<div class="alert alert-block alert-info">
<font size="6"><b><center> Section 1</font></center>
<br>
<font size="6"><b><center> Introduction to PyTorch </font></center>
</div>

# Fundamental Building Blocks

* Tensor and Tensor Operations

* PyTorch’s Tensor Libraries

* Computational Graph

* Gradient Computation

* Linear Mapping

* PyTorch’s non-linear activation functions:
    * Sigmoid, tanh, ReLU, Leaky ReLU

* Loss Function

* Optimization algorithms used in training deep learning models

# A 2-Layer Feed-Forward Neural Network Architecture

## Some notations on a simple feed-forward network

$\bar{\mathbf{X}} = \{X_1, X_2, \dots, X_K, 1 \}$ is a $n \times K$ matrix of $K$ input features from $n$ training examples

$X_k$ $ (k = 1,\dots,K) $ is a $n \times 1$ vector of n examples corresponding to feature $k$

$\bar{\mathbf{W}}_{Xh} = \{w_1, w_2 \dots, w_p \}$

$\bar{\mathbf{W}}_{Xh}$ of size $PK$ 

where $P$ is the number of units in the hidden layer 1 

and K is the number of input features

$\mathbf{b}$ bias



## A Simple Neural Network Architeture

The input layer contains $d$ nodes that transmit the $d$ features $\mathbf{X} = \{x_1, \dots, x_d, 1 \}$ with edges of weights $\mathbf{W} = \{w_1, \dots, w_d, b \}$ to an output node.
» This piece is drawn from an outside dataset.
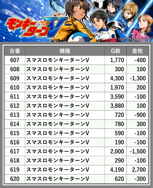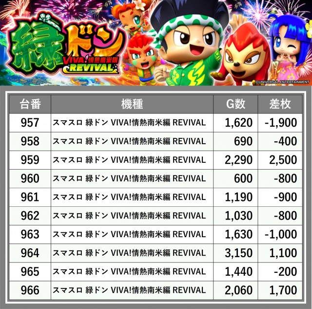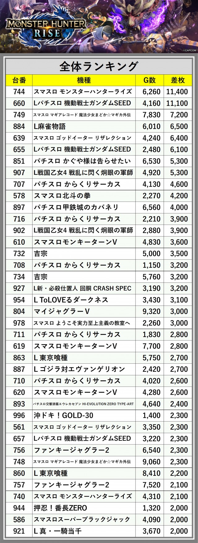 厳選された取材対象機種をはじめ、その他スロット全体から好記録が飛び出した!プレイヤーが楽しんだ1日を下記データにて振り返ってみて欲しい。

Linear function (or linear mapping of data): $\mathbf{W} \cdot \mathbf{X} + b = b + \sum_{i=1}^d w_i x_i $

$ y = b + \sum_{i=1}^d w_i x_i $ where $w$'s and $b$ are parameters to be learned

# Tensor and Tensor Operations

There are many types of tensor operations, and we will not cover all of them in this introduction. We will focus on operations that can help us start developing deep learning models immediately.

The official documentation provides a comprehensive list: [pytorch.org](https://pytorch.org/docs/stable/torch.html#tensors)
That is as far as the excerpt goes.